64 commented 5 months ago

It seems to be caused by the relatively new feature of GNU Make (>4.3.90) where the jobserver communication is done by a named FIFO (--jobserver-auth=fifo:/tmp/GMfifoXXXX)(commit, docs) rather than opening a pipe (--jobserver-auth=R,W).
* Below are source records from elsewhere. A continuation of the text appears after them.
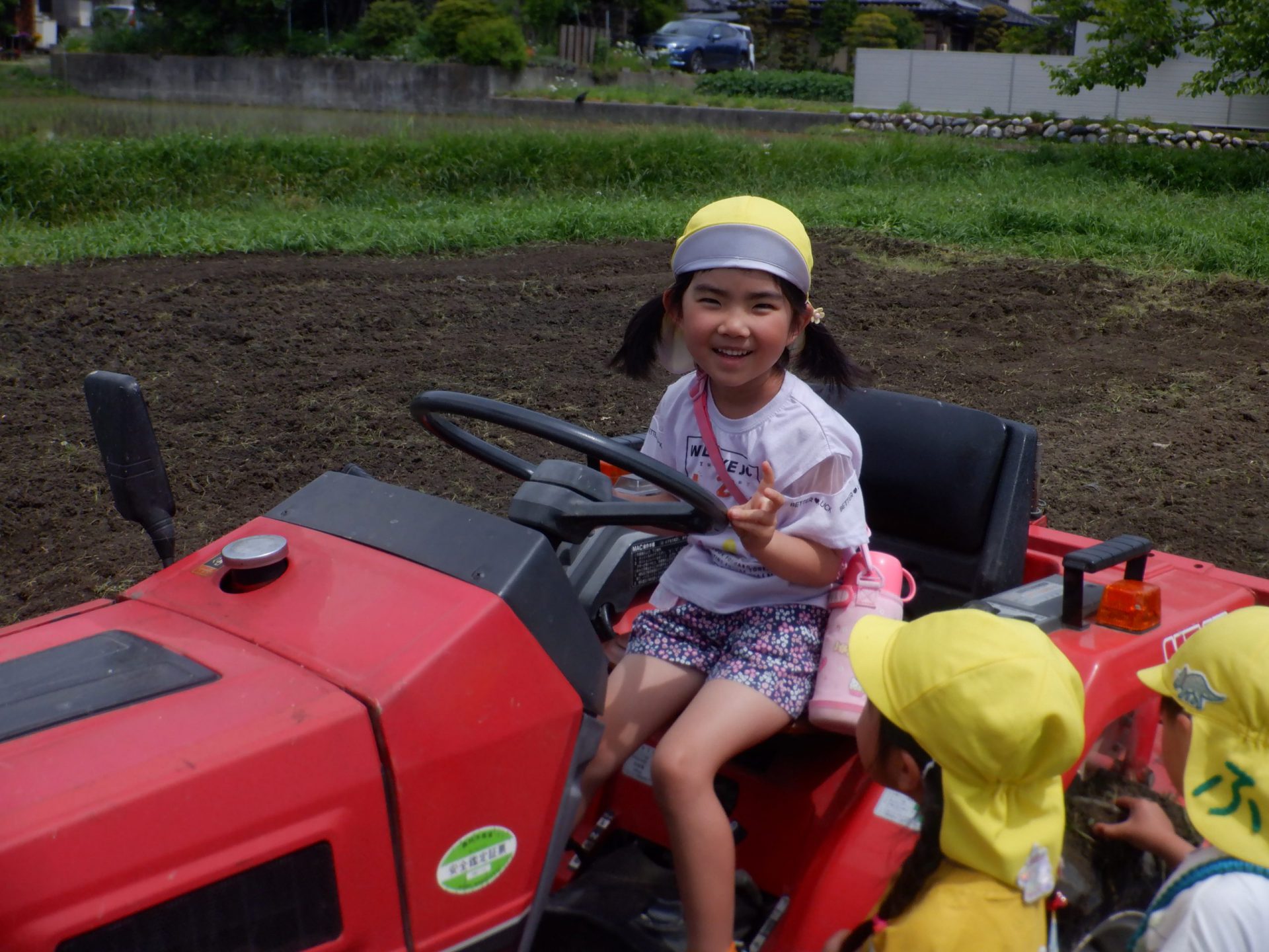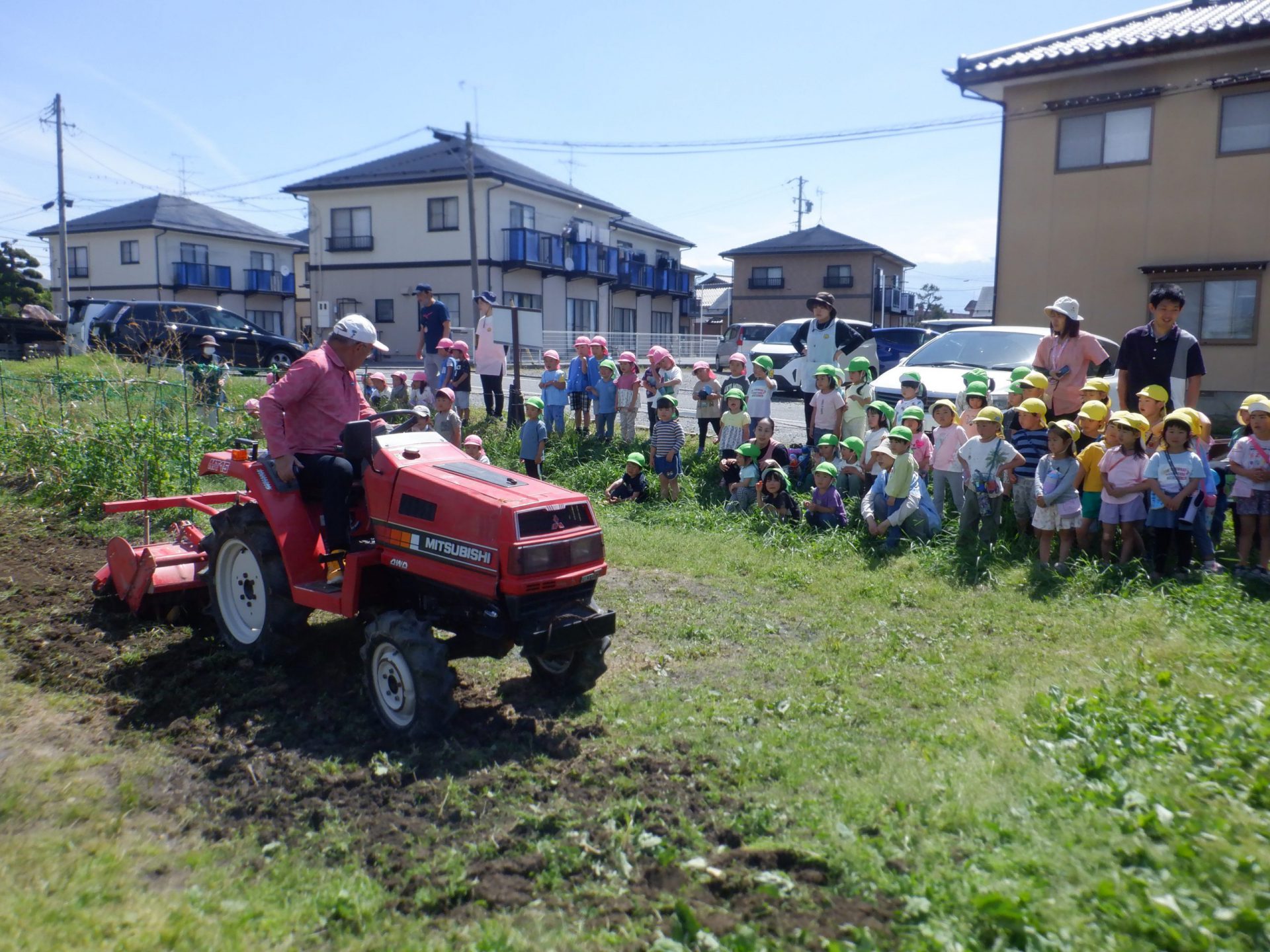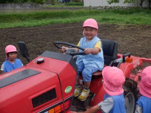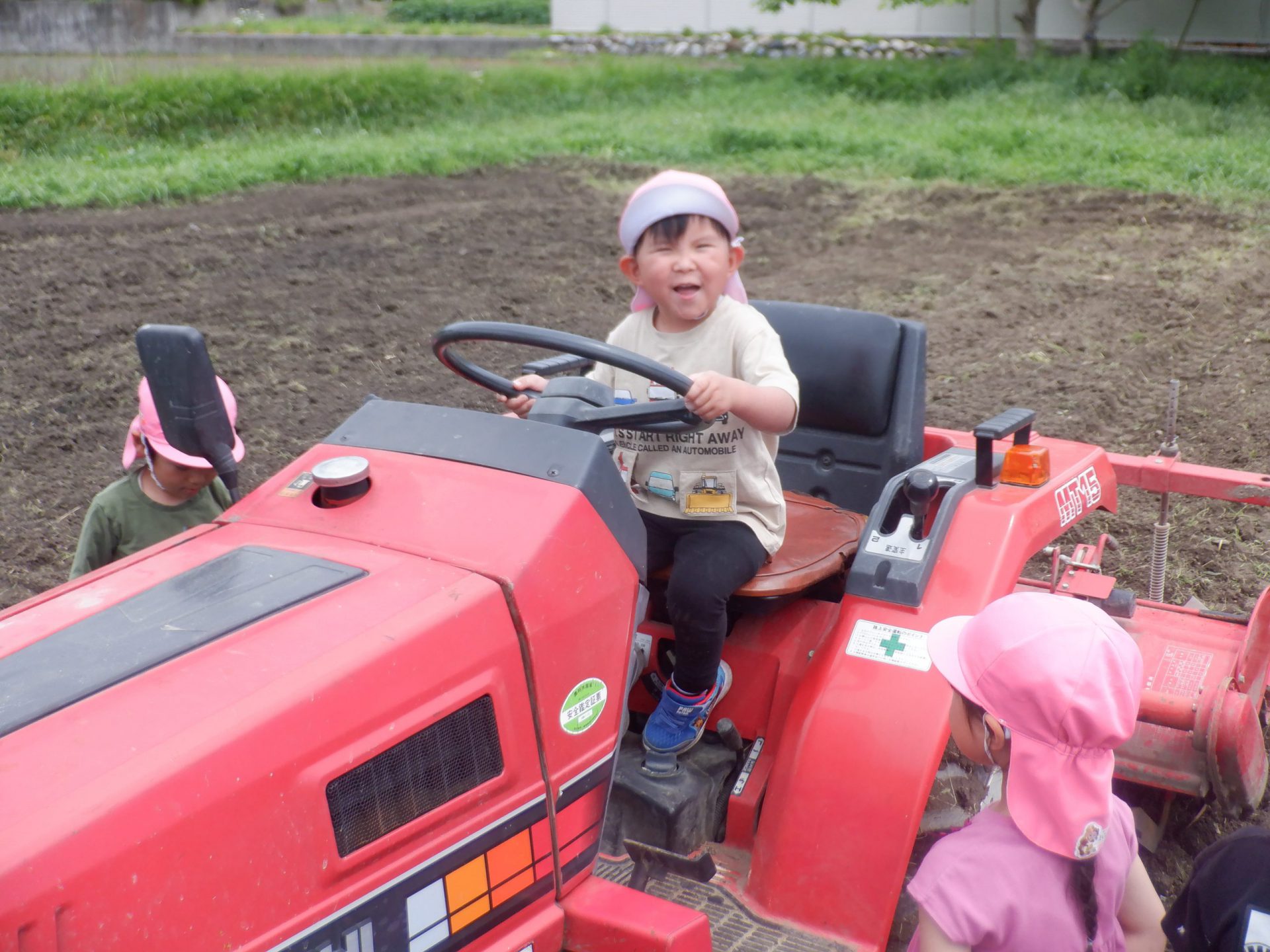 いつも子どもたちのためにと、畑を耕したり、畑で遊ばせてくださる関島さん、トラクターが動いている様子を近くで見るなど、園内ではできない経験をさせてくださること、職員だけではできない畑の土作りなども協力してくださり、ありがたいです。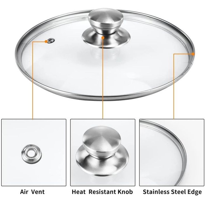 Cuisson pratique avec couvercles en verre : Surveillez facilement le processus de cuisson sans perte de chaleur grâce aux couvercles en verre transparent.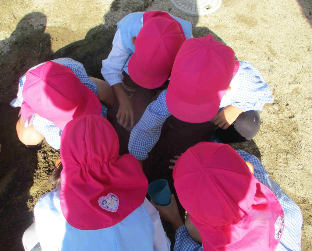 運動場を歩いていると、上の運動場で大騒ぎをしている子どもたちが!見に行ってみると…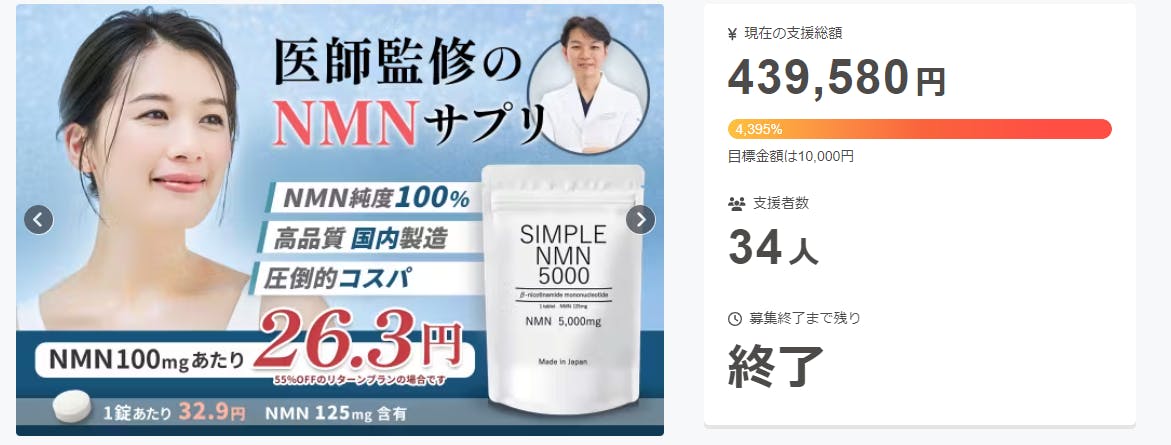 先年はCAMPFIREのSIMPLE NMN5000のプロジェクトを応援いただき、誠にありがとうございました。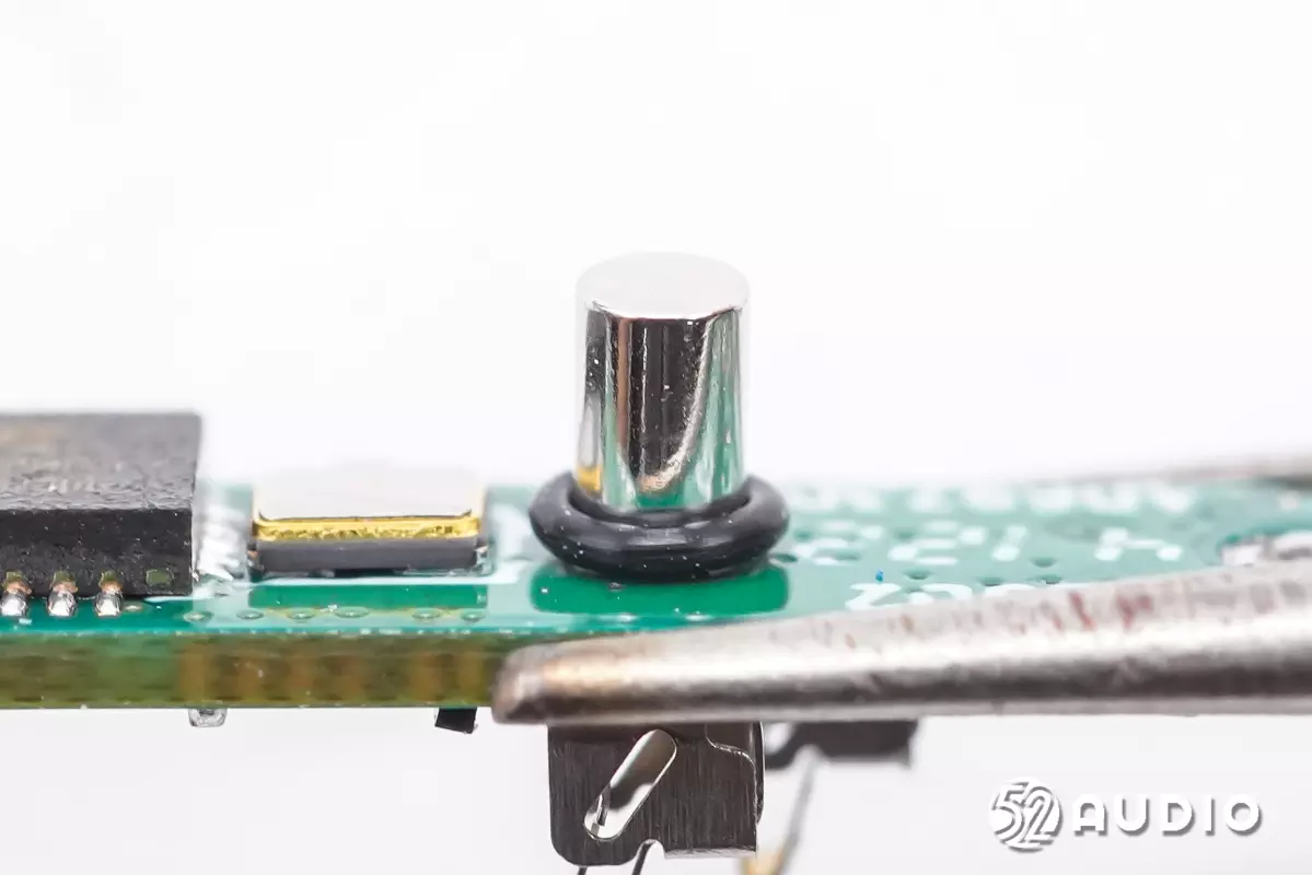 主板上为耳机充电的PogoPin连接器特写,中间固定磁铁,用于吸附耳机。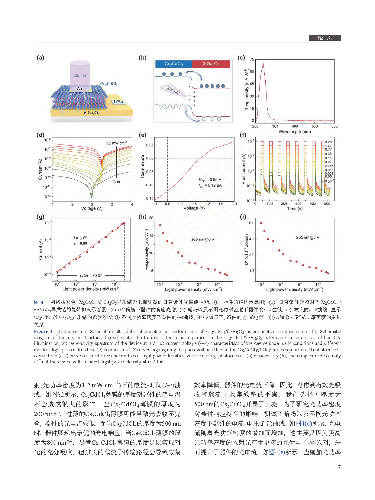 【Domestic Papers】Self-powered solar-blind UV photodetector based on Cs₂CdCl₄/β-Ga₂O₃ heterojunction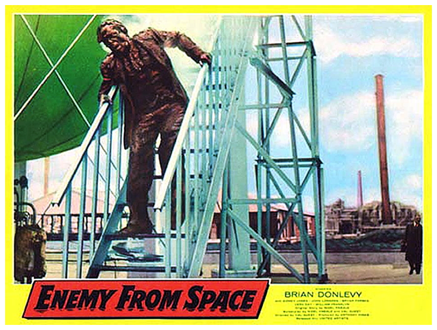 “Professor Quatermass, trying to gather support for Moon colonization, is intrigued by the mysterious traces that have been showing up on his radar – meteorites crashing down. Following them to the place where they should be landing he finds a destroyed village, a mysterious factory too close to his designs for the Moon colony for comfort, and some strange aerodynamic objects containing a mysterious, ammonia-based gas that infects one of his assistants. Officially, the factory is producing synthetic food but, despite the veil of secrecy surrounding it, Quatermass succeeds in finding out it harbours aliens with deadly designs on the Earth. The second in Hammer’s trio of screen versions for Nigel Kneale’s classic fifties BBC serials, with the same director and star as The Quatermass Xperiment.”
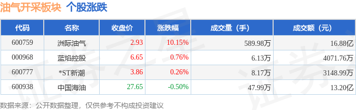 证券之星消息,12月22日油气开采板块较上一交易日上涨0.65%,洲际油气领涨。当日上证指数报收于3917.36,上涨0.69%。深证成指报收于13332.73,上涨1.47%。油气开采板块个股涨跌见下表: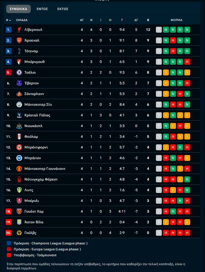 Η βαθμολογία στην Premer League (σε 4 αγωνιστικές)
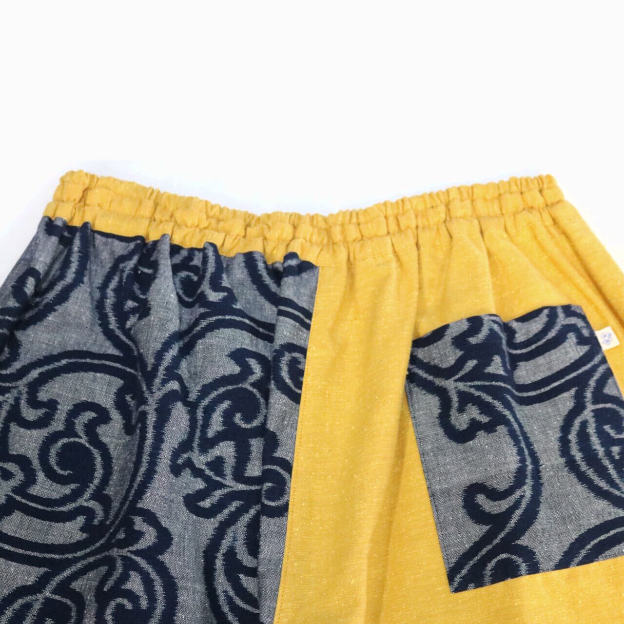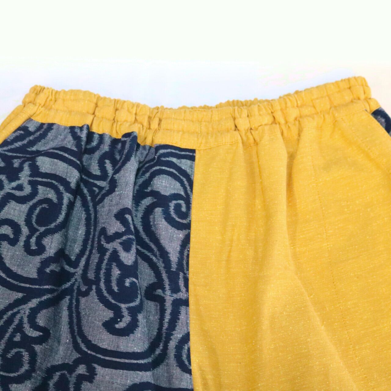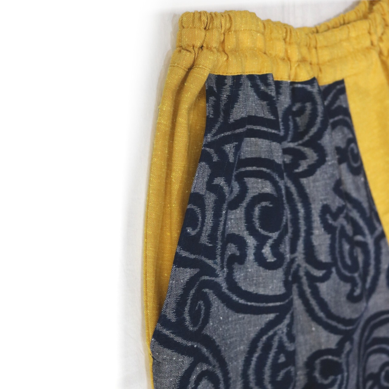 XLサイズ [かすりテレコズボン] 唐草柄×絣無地 イエロー もんぺ風パンツ 柄部分:藍染手織り久留米絣使用 池田絣工房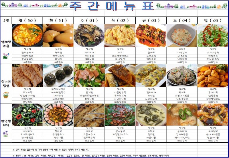 2026년 3월30일~2026년 4월5일 주간식단표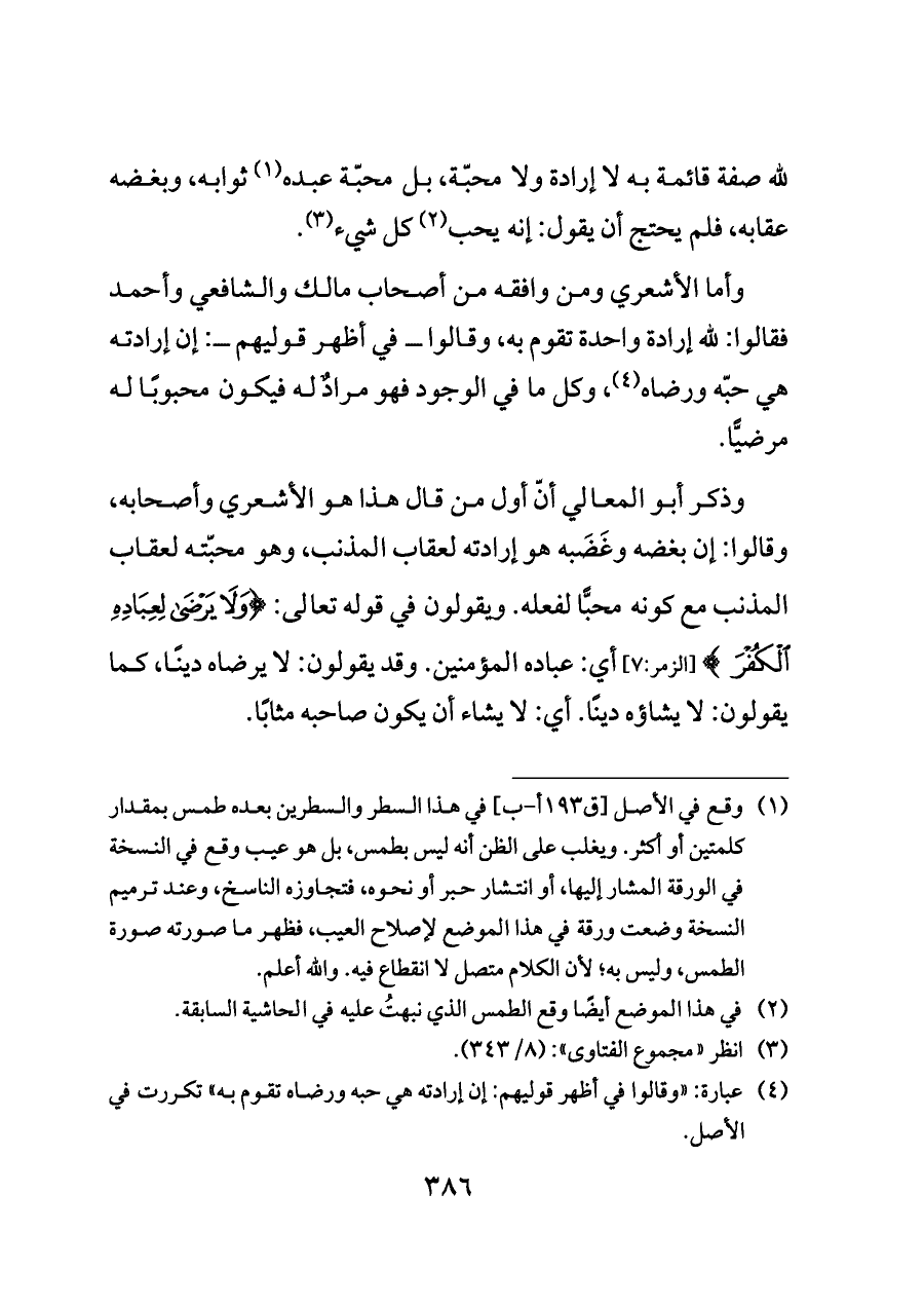 وذكر أبو المعالي أنّ أول من قال هذا هو الأشعري وأصحابه، وقالوا: إن بغضه وغَضَبه هو إرادته لعقاب المذنب، وهو محبّته لعقاب المذنب مع كونه محبًّا لفعله. ويقولون في قوله تعالى: {وَلَا يَرْضَى لِعِبَادِهِ الْكُفْرَ} [الزمر:٧] أي: عباده المؤمنين. وقد يقولون: لا يرضاه دينًا، كما يقولون: لا يشاؤه دينًا. أي: لا يشاء أن يكون صاحبه مثابًا.

Indeed, passing make --jobserver-style=pipe causes the reproducer in OP to exit successfully, whereas --jobserver-style=fifo hangs. Cargo seems to manage its jobserver via pipes, so issue only appears when make launches sccache, or indirectly launches it via cargo, and forces everything to used a named fifo.

It's not obvious what the right fix is though. Spawning the server daemon with the context of a jobserver sounds inherently broken to me. Instead, shouldn't the server act as if it was spawned from nothing, and clients pass their jobserver info for each compile request they make to the server?